Monday, March 28, 2005

Quickly, Niftily.

Blogger is giving me some shit, so I'll throw these posts together.

1. Hawks lose again. Awesome. 2 more eliminated, and now only Charlotte, New Orleans and Utah can take what is rightfully the Hawks. And nobody deserves to waste a higher draft pick more than the Hawks. Rock on.

2. Inferno II Update: The challenge was weak. The inferno game was awesome (in the words of the General "they're stealing ideas from Three Amigos!"). Line of the night: "You F with me, I'm gonna f you harder" - Beth S, which makes me throw up in my mouth. Why do they not focus more on Darrell. Highlight: Julie's prayer asking God to help them sin. Rad.

3. So, on the show after the Inferno (travel with celebrities), the Lady and the General are surprised that the Sherpa guide's name is actually Sherpa. I tell them that all the sherpas are in fact Sherpas (which I'm not really sure of, but I think I remember hearing). General knows a guy from Sudan whose last name is Deng and he happens to be in the same tribe as Luol Deng (big dude, Hawks should've drafted but Billy Knight is stubborn). Just imagine if everyone in Atlanta were a Douchebag. It'd be Boston then. Har Har Har.

4. Sarah Jessica Parker sucks.

5. Lobsterfest was enjoyably drunk. Introduced the family to Je Suis France's Tittania. I Love LA and Thank You For Being A Friend got the biggest response (as in the most family members singing along). Rewatched Anchorman. Still funny, but not getting better with viewings.

6. I encourage Hillary and everyone else to read Don Quixote. It'd be my first desert island choice.

7. In determining when the Simpsons jumped the shark, I think it's important to consider that inanity, outlandishness, and surreality do not necessarily make the show bad. Some of the best Simpsons episodes include all of that. I think the problem with the show is that there are so many classic episodes that the rest just pale in comparison. And it was like that even in the beginning. Every episode where Lisa is the focus blows, and that goes back to like the second season. Anyway, jumping the shark is fluid. The show is like an athlete in the twilight of his career. You still watch because of how great it was and you know it's capable of hitting a home run, even if it isn't as consistent or great as it used to be. Luckily there'll be others. Anyone who thinks the jumping was the chili cookoff episode can lick the taint though.

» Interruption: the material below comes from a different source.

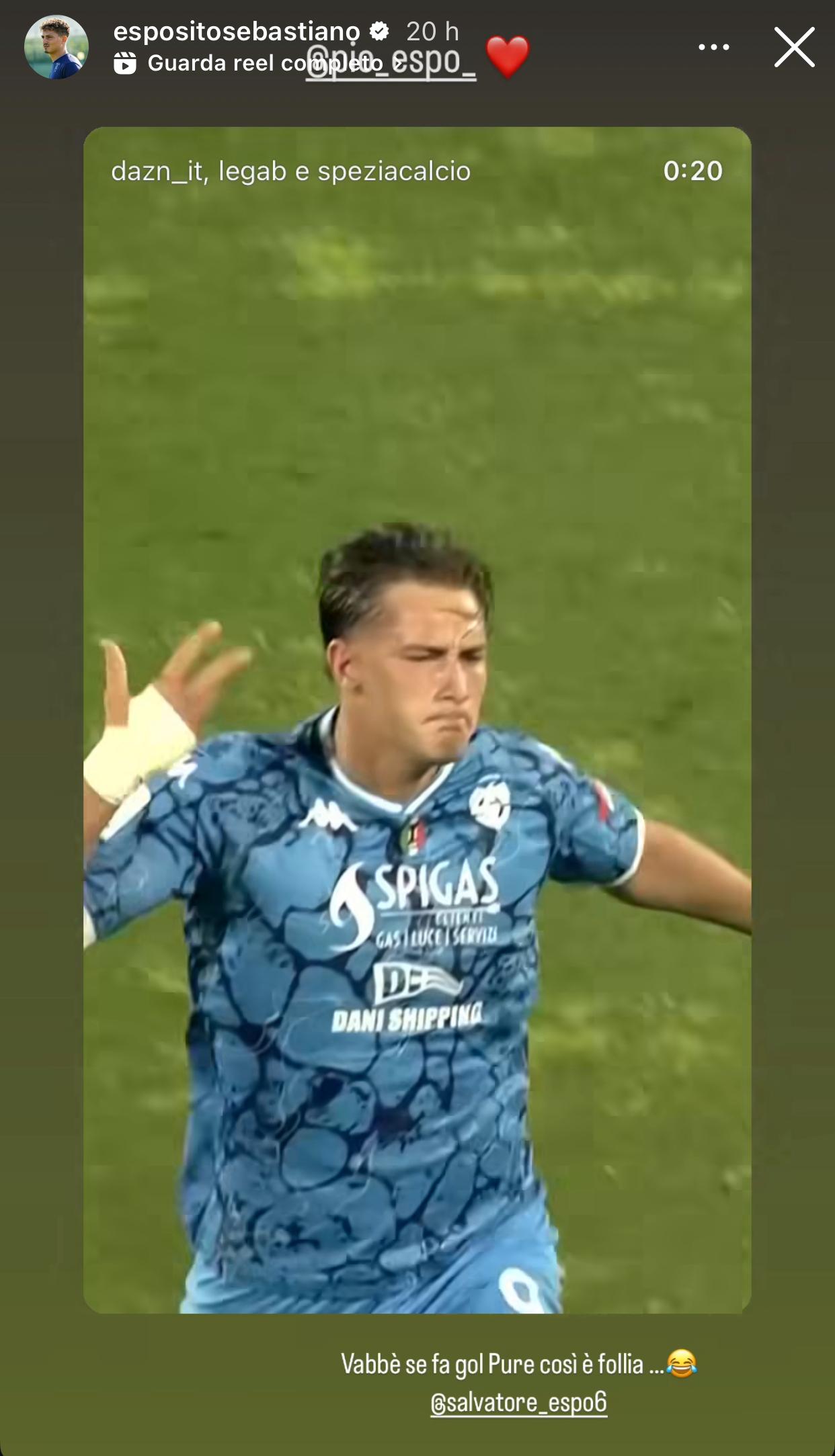 Ad esaltare Francesco Pio Esposito ci ha pensato anche il fratello Sebastiano, sempre di proprietà dell'Inter ma in prestito all'Empoli: "Vabbè se fa gol pure così è follia", il commento simpatico di Sebastiano.

8. The interviews with the US MNT make them sound kind of pissed at a defense first approach in Azteca. Guatemala, who played a great game Saturday, I get the feeling will suffer Wednesday.

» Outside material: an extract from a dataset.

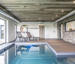 Idéale pour un séjour en famille ou entre amis, cette maison à l'ambiance unique ravira petits et grands grâce à sa piscine intérieure, ses pièces de vie conviviales et la grande qualité de ses finitions.

9. Andruw Cerrano has been looking pretty good. No curveballs please.

10. Furman Bisher's column on Sunday: "A stain that will never wash out." Depends, dude.

11. Venti McStarfucker tells us all about chilling at a pool and dining with other SI writers. Two columns a week in the offseason covering Jerry Jones' wax jobs and Al Davis' stool samples, and come August he'll go to Cape Cod for a full month. Useless.

And that's about enough for now. I hope this posts.